His most recent book,
which treats all these interests, is How to
Kill a Dragon: Aspects of Indo-European
Poetics (Oxford University Press, New York, 1995, paperback, 2000), awarded the Goodwin Prize, APA 1998.
Others of his books and contributions are
Indo-European Origins of the Celtic Verb
I. The Sigmatic Aorist
(Dublin Institute for Advanced Studies,
1962); Indogermanische
Grammatik III/1.
Geschichte der Indogermanischen Verbalflexion
(Carl Winter Verlag, Heidelberg, 1969);
The American Heritage Dictionary of
Indo-European Roots (Houghton-Mifflin,
Boston, 1985, 2nd revised edition, 2000), revised and abridged in The
American Heritage Dictionary of the English
Language, Third Revised Edition.
Appendix: Indo-European Roots
(Houghton Mifflin, Boston, 1992, 4th revised edition, 2000); editor,
Studies in Memory of Warren
Cowgill (1929-1985) (de Gruyter, Berlin,
1987); author, "Historical linguistics and culture history",
"Indo-European languages", and "Stylistic reconstruction" in the
Oxford International Encyclopedia of
Linguistics (Oxford University Press, 1992, 2nd ed. 2002), and "Hittite", in the Cambridge Enclopedia of the World's Ancient Languages (Cambridge University Press, 2004).

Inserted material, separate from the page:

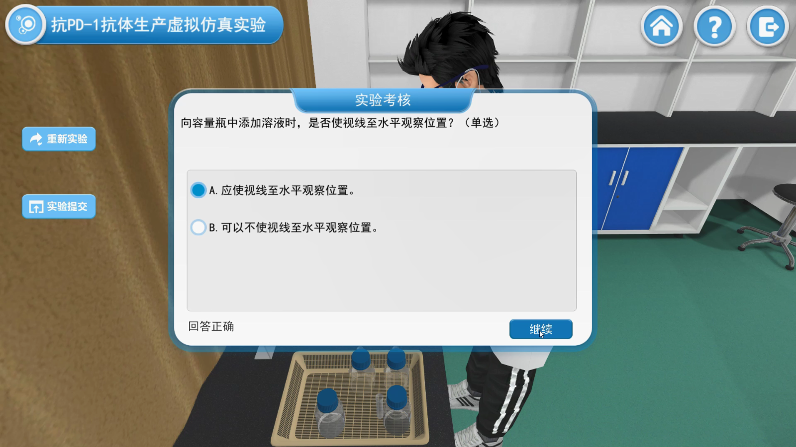 抗PD-1抗体生产过程中高效液相分析抗体含量的操作技能对药学专业学生的仪器分析能力培养非常重要,但由于其操作复杂、实验要求高和条件限制,在实体实验中难以完成。学生通过在三维场景中实现从流动相脱气、仪器预热、参数设置、高效液相使用、分析方法设置、数据整理等方面的演练操作,熟悉高效液相分析的操作过程,根据实验操作提示和物体高亮提示,使用各种工具进行实验操作,最后完成整体的实验流程;关键计分点在无操作提示条件下进行实验操作,系统可自动判断操作是否正确,实验操作结束后,针对操作过程设置考核点可弹出最终操作得分。

He has also written over 150 articles and reviews, 53 of which are
reprinted in the two volumes of his Selected
Writings, edited by Lisi Oliver (Innsbrucker
Beiträge zur Sprachwissenschaft, Innsbruck, 1994), ranging from
"Indo-European metrics and Archaic Irish verse" to "The language of
the Trojans".
He served as president of the Linguistic Society of
America in 1988, and as chair of Harvard's Department of Linguistics
for 11 years, most recently 1985-1991. He is an Honorary Member of
the Royal Irish Academy (1968), a Fellow of the American Academy of
Arts and Sciences (1973), a Member of the American
Philosophical Society (1975), a Corresponding Fellow of the British
Academy (1987), and of the Académie des
Inscriptions et Belles-Lettres, Correspondant Etranger (1990), Associé Etranger, Membre de l'Institut (1999). He was recently honored by the presentation of Mír Curad, Studies in Honor of Calvert Watkins, edd. J. Jasanoff, H.C. Melchert, and L. Oliver (IBS, Innsbruck, 1998), with some 63 contributors. He gave the Gaisford Lecture by invitation of the Faculty of Classics of the University of Oxford in May 2000.
His
present projects explore connections between Anatolia and
Greece, the subject of the Gaisford Lecture (published as "L'Anatolie et la Grèce: résonances culturelles, linguistiques et poétiques") and other recent and forthcoming studies, including "A distant Anatolian echo in Pindar: the origin of the Aegis again", "EPEON THESIS. Poetic grammar: word order and metrical structure in The Odes of Pindar", "Homer and Hittite Revisited II", "Some Indo-European logs", "Pindar's Rigveda", "An Indo-European stylistic figure in Hittite", "The third donkey: Origin legends and some hidden Indo-European themes", "The Erbessos blues, and other tales of the semantics of case and the semantics of love among the Western Greeks", and "'Hermit crabs', or new wine in old bottles. Anatolian and Hellenic connections from Homer and before to Antiochus I of Commagene and after".